Vietnam is positioning itself as Southeast Asia’s next digital powerhouse as Amazon signals deeper long-term investment.
As global technology giants race to secure footholds in Southeast Asia’s fast-growing digital economy, Vietnam is emerging as a strategic battleground for artificial intelligence, cloud computing, and data infrastructure. In a high-level meeting in Hanoi this week, Vietnamese leader To Lam urged Amazon to expand its role in the country’s digital transformation push — underscoring Vietnam’s ambition to become a regional technology hub.
During talks at the Communist Party headquarters on May 22, To Lam met with David Zapolsky, Amazon’s Senior Vice President, Chief Global Affairs and Legal Officer. The Vietnamese leader praised Amazon’s decade-long business presence in Vietnam and highlighted the company’s contributions to economic development and the strengthening of Vietnam–U.S. ties.
The meeting comes at a critical moment for Vietnam’s economy. The country is aggressively repositioning itself from a low-cost manufacturing base into a higher-value digital and innovation-driven economy. Hanoi has accelerated reforms aimed at improving transparency, strengthening intellectual property protections, and creating a more favorable legal framework for high-tech foreign investment.

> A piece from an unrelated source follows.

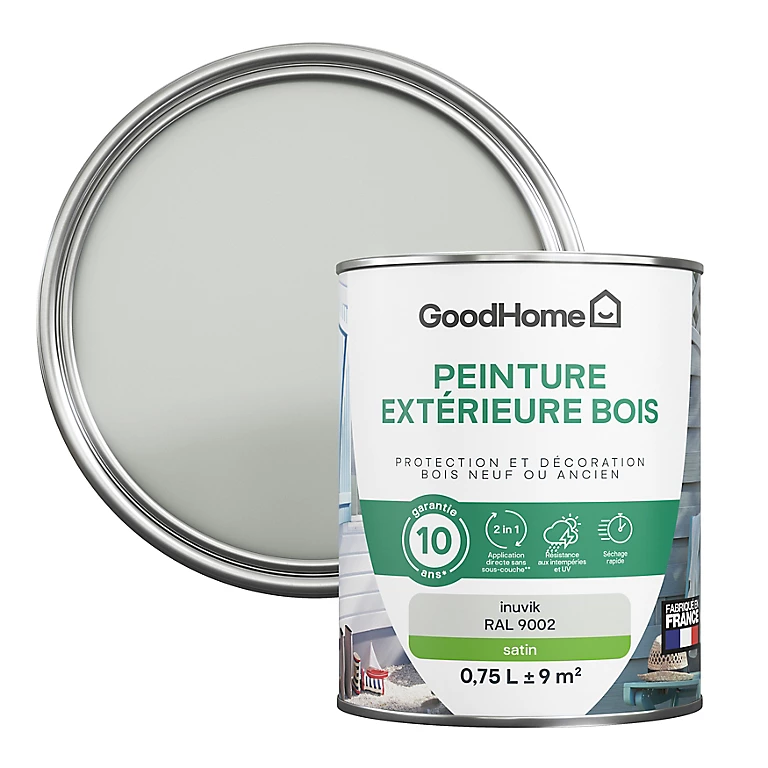 Peinture bois extérieur GoodHome Inuvik gris satin 0.75L

To Lam emphasized that economic, trade, and investment cooperation remain the core drivers of the Vietnam–U.S. Comprehensive Strategic Partnership, while science and technology cooperation is becoming a new breakthrough pillar in bilateral relations. He specifically called on Amazon to deepen collaboration in areas including data infrastructure, artificial intelligence, cloud services, and high-quality workforce training.
For Amazon, Vietnam represents one of Southeast Asia’s most promising long-term growth markets. With a young digital-native population, rising internet penetration, expanding e-commerce consumption, and increasing geopolitical diversification away from China, Vietnam has attracted growing interest from global tech firms and institutional investors alike.

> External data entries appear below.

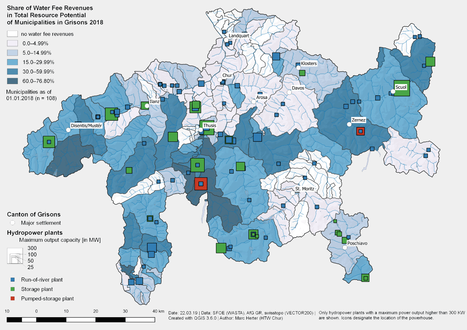 Am Bespiel Graubündens wird die Komplexität der Thematik Wasserzins ersichtlich. In Graubünden teilen sich der Kanton und die Konzessionsgemeinden die Zinseinnahmen zu gleichen Teilen. Vorliegende Analyse zeigt, dass diese Einnahmen ohne den ausgleichenden Effekt des innerkantonalen Haushaltsausgleichs zu erheblichen Disparitäten führen würden. Wie aus dem nächsten Bild hervorgeht, machen die Wassergebühren in einigen Gemeinden derzeit mehr als 30 % ihres Ressourcenpotenzials (Summe aus Steuereinnahmen plus Wasserzinsen) aus. Dieses wird zur Berechnung der relativen Ressourcenstärke einer Gemeinde herangezogen, welche wiederum bestimmt, ob eine Gemeinde in das Ressourcenausgleichssystem einzahlt oder Auszahlungen daraus erhält.
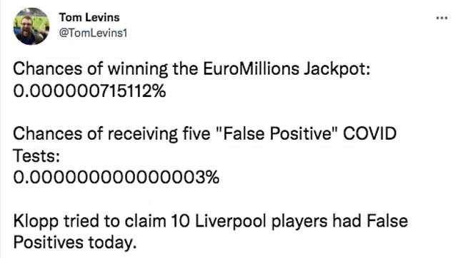 'Klopp tried to claim 10 Liverpool players had false positives today.'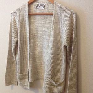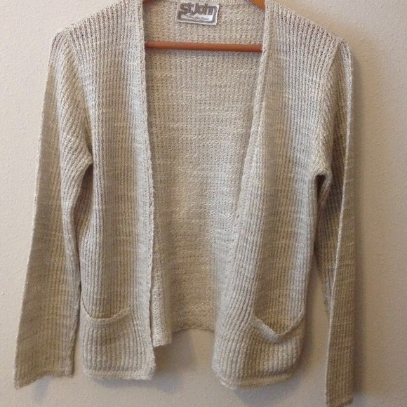 Vintage St John Boucle Wool Cotton Blend Open Front Cardigan

Zapolsky said Amazon sees Vietnam as having the potential to become a leading technology nation in the region. He reaffirmed the company’s long-term investment commitment and expressed interest in expanding cooperation in cloud computing, AI, and big data — sectors expected to define the next phase of Vietnam’s economic modernization.

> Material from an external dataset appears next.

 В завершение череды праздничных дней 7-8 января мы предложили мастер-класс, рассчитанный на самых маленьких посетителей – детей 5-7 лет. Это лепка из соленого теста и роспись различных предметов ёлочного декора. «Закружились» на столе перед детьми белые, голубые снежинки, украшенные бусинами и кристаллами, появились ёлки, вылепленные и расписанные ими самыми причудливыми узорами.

The meeting also reflects a broader geopolitical shift reshaping global supply chains and digital infrastructure investment across Asia. As U.S. technology companies seek stable and strategically aligned markets in the Indo-Pacific, Vietnam is increasingly positioning itself not merely as a manufacturing alternative, but as a future innovation and data economy hub.
The bigger question now is whether Vietnam can move fast enough to convert global tech interest into large-scale digital infrastructure investments before regional competitors like Indonesia, Malaysia, and Thailand capture the next wave of AI-driven capital flowing into Southeast Asia.